🤖 AI Summary
Higher education students often lack critical engagement with generative AI tools, particularly in academic writing tasks. Method: This study designs and empirically validates an integrated literature review pedagogy—“AI feedback–peer review–reflective iteration”—featuring a human-AI co-feedback mechanism. It incorporates a customized AI review system, structured peer assessment, longitudinal writing process analytics, and reflective journal analysis to trace the dynamic evolution of student–AI interaction. Contribution/Results: Qualitative findings demonstrate significant improvements in graduate students’ academic writing proficiency, disciplinary conceptual understanding, and AI literacy. Learners strategically leverage AI feedback while developing metacognitive awareness of its limitations. The study formalizes a transferable, scalable human–AI collaborative teaching model, offering both theoretical grounding and an actionable implementation framework for deep, pedagogically sound integration of generative AI in higher education.
📝 Abstract
The growing integration of generative AI in higher education is transforming how students write, learn, and engage with knowledge. As AI tools become more integrated into classrooms, there is an urgent need for pedagogical approaches that help students use them critically and reflectively. This study proposes a pedagogical design that integrates AI and peer feedback in a graduate-level academic writing activity.
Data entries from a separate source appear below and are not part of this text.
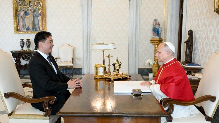 വത്തിക്കാൻ :മംഗോളിയൻ പ്രസിഡന്റ് ഉഖ്നാജീൻ ഖുറേൽസുഖ് വത്തിക്കാനിലെ അപ്പസ്തോലിക കൊട്ടാരത്തിൽ ലിയോ പതിനാലാമൻ പാപ്പായുമായി കൂടിക്കാഴ്ച നടത്തി . പാപ്പായുടെ പ്രസ് ഓഫീസാണ് ഡിസംബർ 4 വ്യാഴാഴ്ച രാവിലെ അപ്പസ്തോലിക കൊട്ടാരത്തിൽ നടന്ന ഈ കൂടിക്കാഴ്ചയെക്കുറിച്ച് ഒരു പത്രക്കുറിപ്പിലൂടെ അറിയിച്ചത്.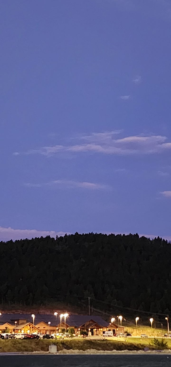 I stood on that street and looked up at the canyon walls closing in from both sides, the ponderosa pines dark against whatever light was left in the sky, and I thought about every morning I’d spent up on that hill watching the Black Hills do something impossible with the sunrise, and I thought: I should have had a drone up here.
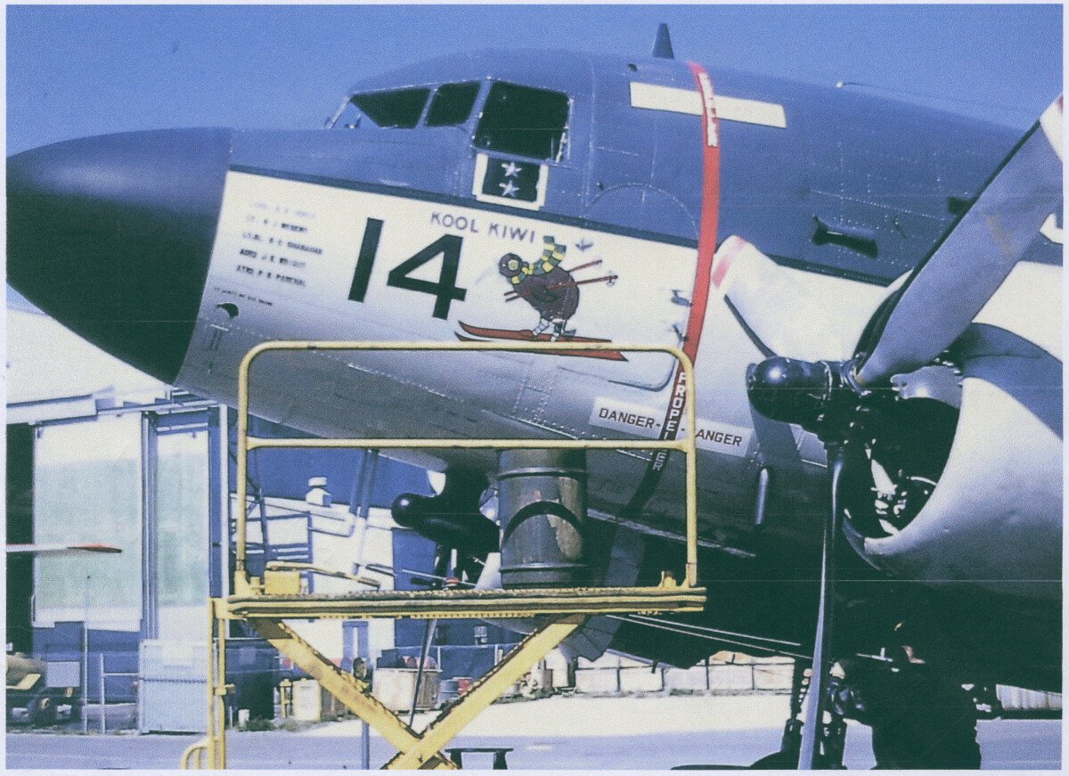 American DC3 aircraft at Christchurch Airport getting ready for the trip to Ferrymead Museum. (Plane is currently housed at Ferrymead).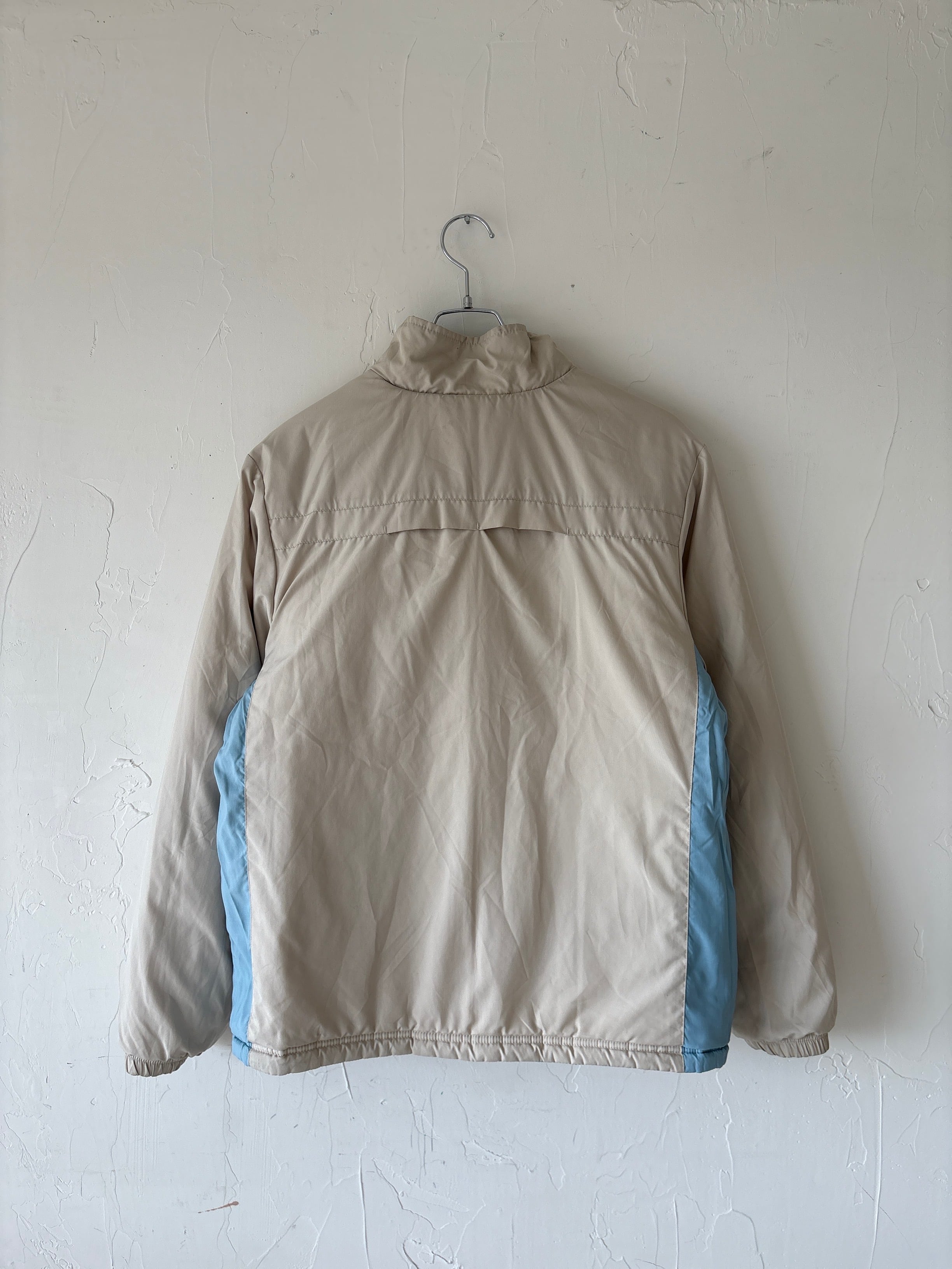 ベージュと水色のリバーシブルフルジップジャケット、フード取り外し可能ででカジュアルなデザイン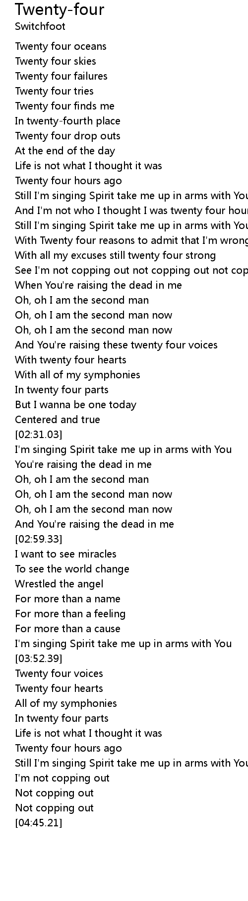 [01:12.29] With Twenty four reasons to admit that I'm wrong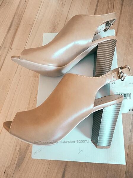 Босоножки С&A (Германия). Размер 39 (стелька 24.8 см).Цвет бежевый, кожзам. Удобный,устойчивый каблук, высота 10см.
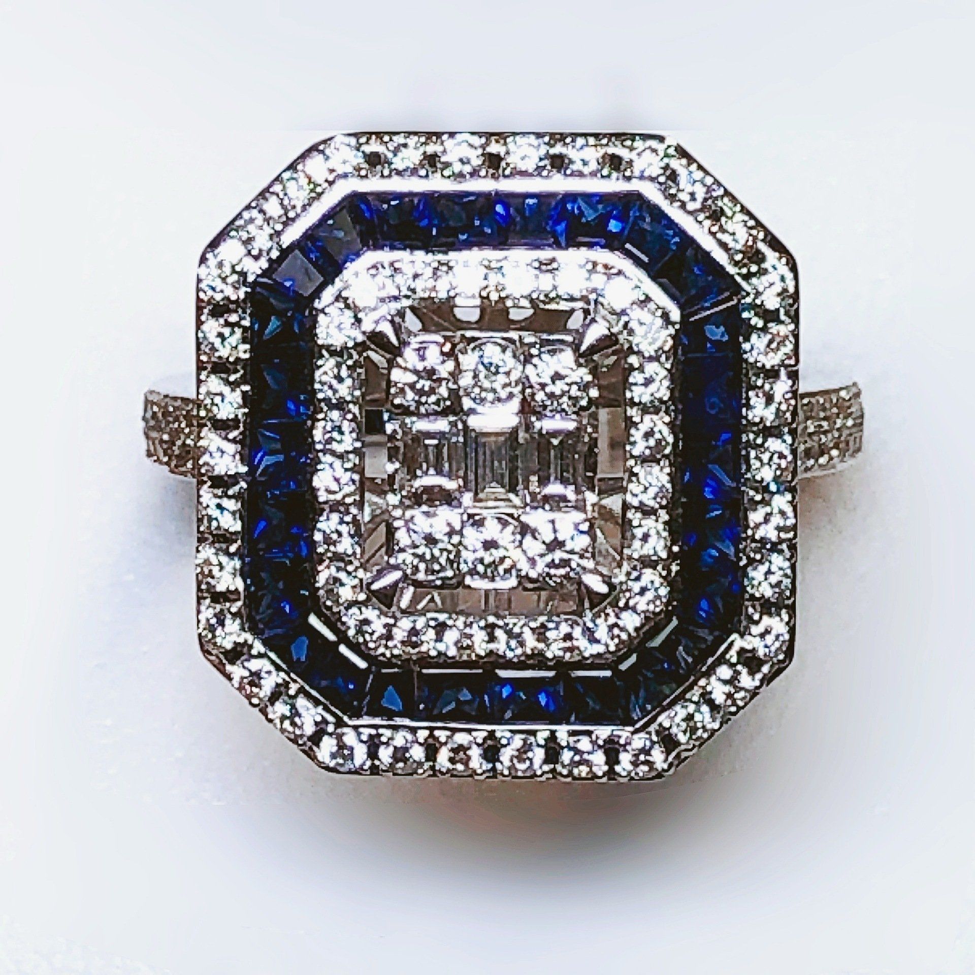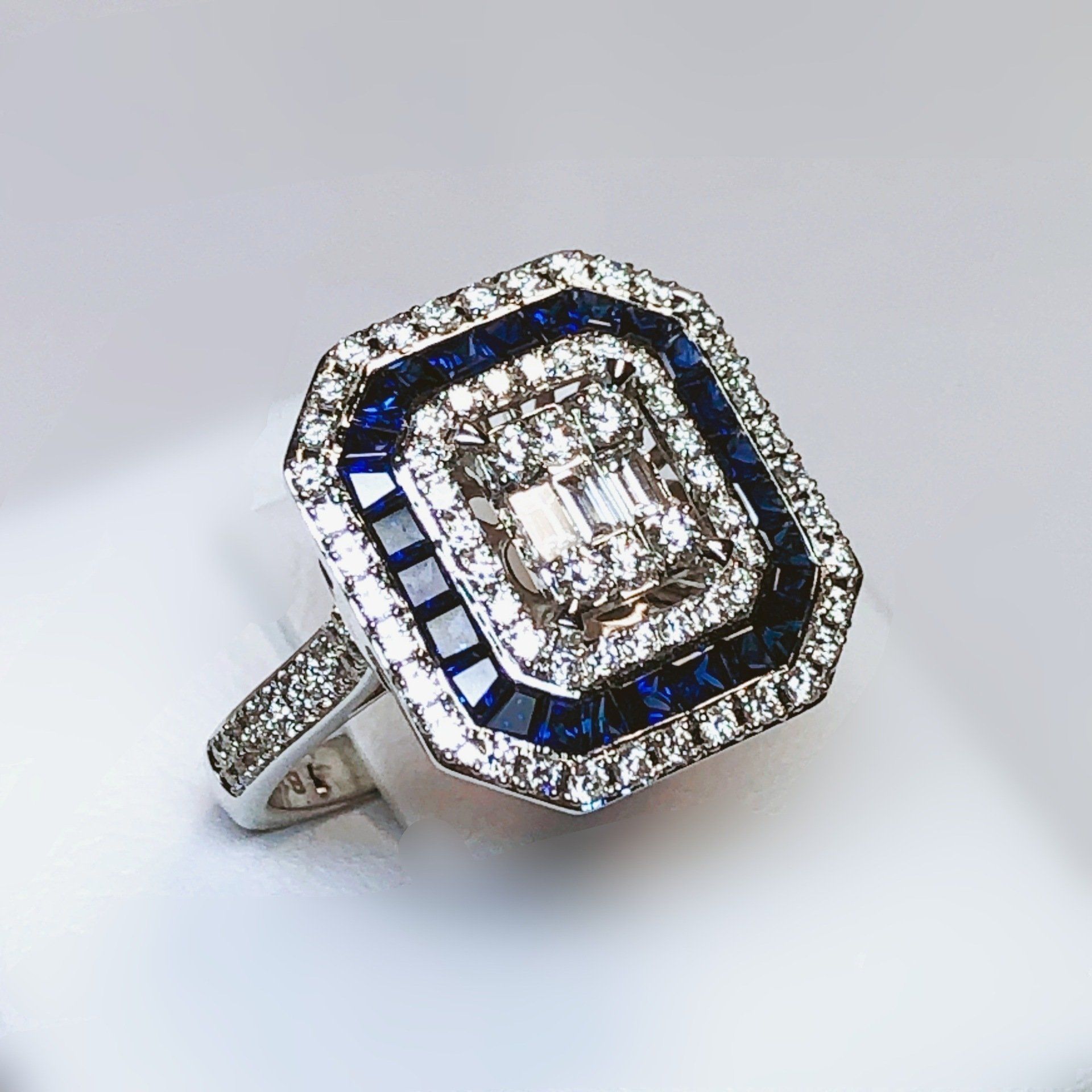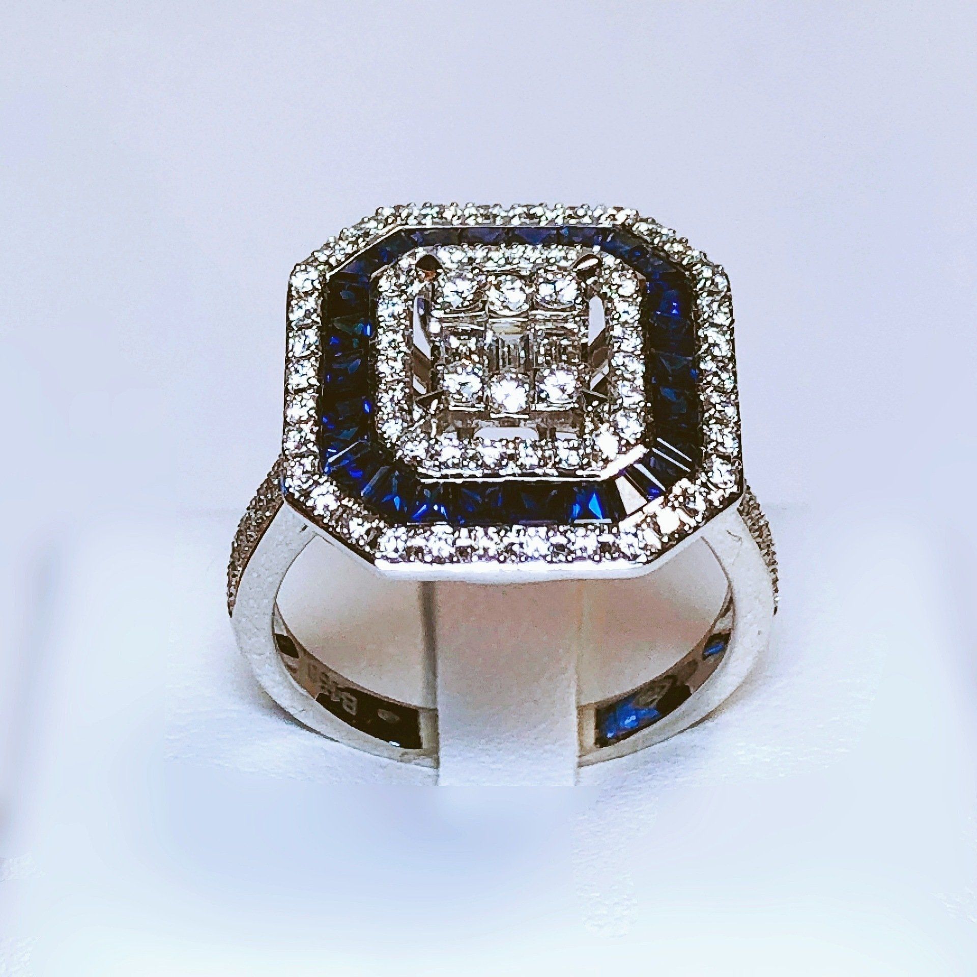 Bague entourage en or blanc 750 millième, sertie de saphirs et de diamants.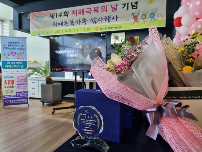 이날 행사는 가정에서 치매환자를 돌보는 가족들의 어려움을 격려하고 감사한 마음을 전하고자 합천군보건소 치매안심센터장인 이미경 소장이 직접 감사패 및 기념품을 전달하고 치매환자를 잘 이해 할 수 있도록 치매파트너 교육도 함께 진행했다.

Over eight weeks, students developed literature review projects through multiple writing and revision stages, receiving feedback from both a custom-built AI reviewer and human peers. We examine two questions: (1) How did students interact with and incorporate AI and peer feedback during the writing process? and (2) How did they reflect on and build relationships with both human and AI reviewers? Data sources include student writing artifacts, AI and peer feedback, AI chat logs, and student reflections. Findings show that students engaged differently with each feedback source-relying on AI for rubric alignment and surface-level edits, and on peer feedback for conceptual development and disciplinary relevance. Reflections revealed evolving relationships with AI, characterized by increasing confidence, strategic use, and critical awareness of its limitations. The pedagogical design supported writing development, AI literacy, and disciplinary understanding. This study offers a scalable pedagogical model for integrating AI into writing instruction and contributes insights for system-level approaches to fostering meaningful human-AI collaboration in higher education.